Let's understand some basics of NumPy using the `match_results_df` DataFrame.

In [4]:
# Understanding Arrays and NumPy Basics

# Creating a NumPy array from HomeGoals
home_goals_array = np.array(match_results_df['HomeGoals'])
print('Home Goals Array:', home_goals_array)

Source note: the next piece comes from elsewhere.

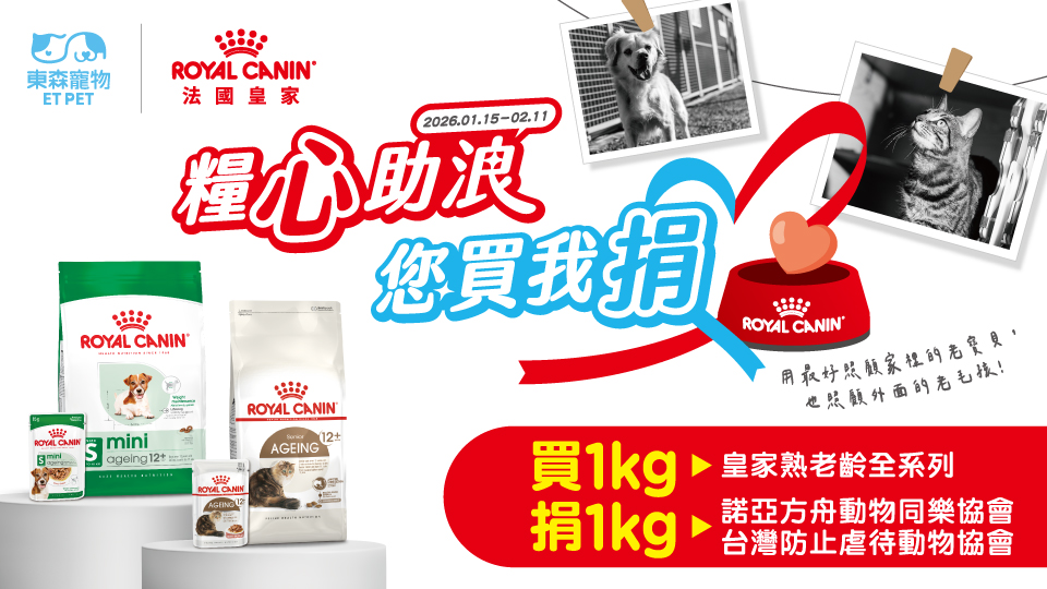 【今傳媒/記者張淑慧 報導】隨著寵物高齡化趨勢加劇,熟老齡貓犬的照護需求日益受到重視。寵物健康營養專家法國皇家今年將二度攜手全台最大寵物連鎖通路東森寵物,於1月15日至2月11日啟動「糧心助浪」公益捐糧活動。消費者凡於東森寵物門市購買法國皇家熟老齡系列飼料,品牌即「買一捐一」,等量捐贈對應公斤數飼料予「諾亞方舟動物同樂協會」及「Taiwan SPCA台灣防止虐待動物協會」。本次預計捐贈2,300公斤,以精準營養支持老病殘浪浪的生活品質,落實「尊重生命、終養不棄養」的理念。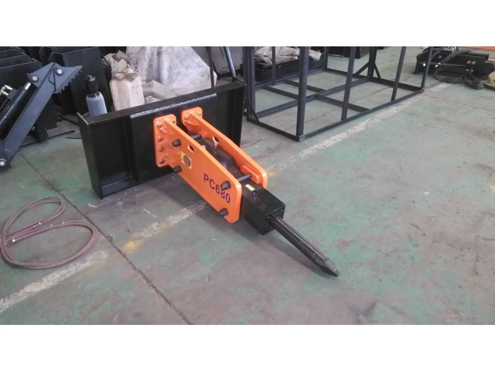 Voorzien van schranklader/“bobcat” opname-/aanbouwplaat; lengte 1719 mm; werkdruk 50-90 liter/min; werk kracht 120-170 kg/cm2; impact rate 400-800 bpm; beitel diameter 7,5 cm; 6-9 Ton; geleverd in stalen krat; ongebruikt Merk: Rhino-cross Type: Hydraulic Breaker Bouwjaar: 2025 Eigen gewicht: 375kg

Home Goals Array: [2 3 1 0 3 1 2 1 1 2 1 2 3 0 1 2 0 1 2 3 1 0 2 1 0 1 1 1 3 2 2 0 3 0 1 1 3
 0 1 0 1 2 3 0 1 2 1 3 2 0 0 2 0 1 2 1 1 3 1 1 0 2 1 3 2 2 3 1 1 3 0 1 1 2
 2 3 0 2 1 1 1 2 0 1 3 1 0 2 1 0 2 1 2 3 2 2 0 1 0 1]


## NumPy Functions

NumPy provides a variety of functions that can be applied to arrays for aggregation, reshaping, slicing, and indexing. We'll explore some of these functions using the `home_goals_array`.

In [None]:
# Mathematical Functions

# Sum of HomeGoals
sum_home_goals = np.sum(home_goals_array)
print('Sum of Home Goals:', sum_home_goals)

# Mean of HomeGoals
mean_home_goals = np.mean(home_goals_array)
print('Mean of Home Goals:', mean_home_goals)

# Slicing
sliced_array = home_goals_array[:5]  # Get the first 5 elements
print('Sliced Array:', sliced_array)

# Indexing
indexed_element = home_goals_array[0]  # Get the first element
print('Indexed Element:', indexed_element)

## Logical Operations

Logical operations can be used to compare elements of arrays or DataFrames. We can perform element-wise comparison of array elements and DataFrame cells to filter data based on conditions.

In [6]:
match_results_df_top = match_results_df.head()

In [9]:
home_goals_top = match_results_df_top['HomeGoals']

In [10]:
home_goals_top > 2

0    False
1     True
2    False
3    False
4     True
Name: HomeGoals, dtype: bool

In [27]:
match_results_match_results_match_results_match_results_match_results_match_results_df_top

Unnamed: 0,Round,HomeTeam,AwayTeam,HomeGoals,AwayGoals
0,1,Arsenal,Chelsea,2,1
1,1,Manchester United,Liverpool,3,2
2,1,Manchester City,Leicester City,1,0
3,1,Spurs,Everton,0,2
4,1,West Ham,Aston Villa,3,1


In [None]:
# Comparison operators and masking

# Find which games have HomeGoals greater than 2
mask = home_goals_top > 2
print('Rounds with HomeGoals > 2:', mask)


In [None]:
# Logical indexing using Pandas DataFrames

# Find matches where HomeGoals are greater than 2
filtered_df = match_results_df[match_results_df['HomeGoals'] > 2]
filtered_df.head()

## Pandas Logical Indexing Examples

In [None]:
# Example 1: Matches where HomeGoals > 2
filtered_df1 = match_results_df[match_results_df['HomeGoals'] > 2]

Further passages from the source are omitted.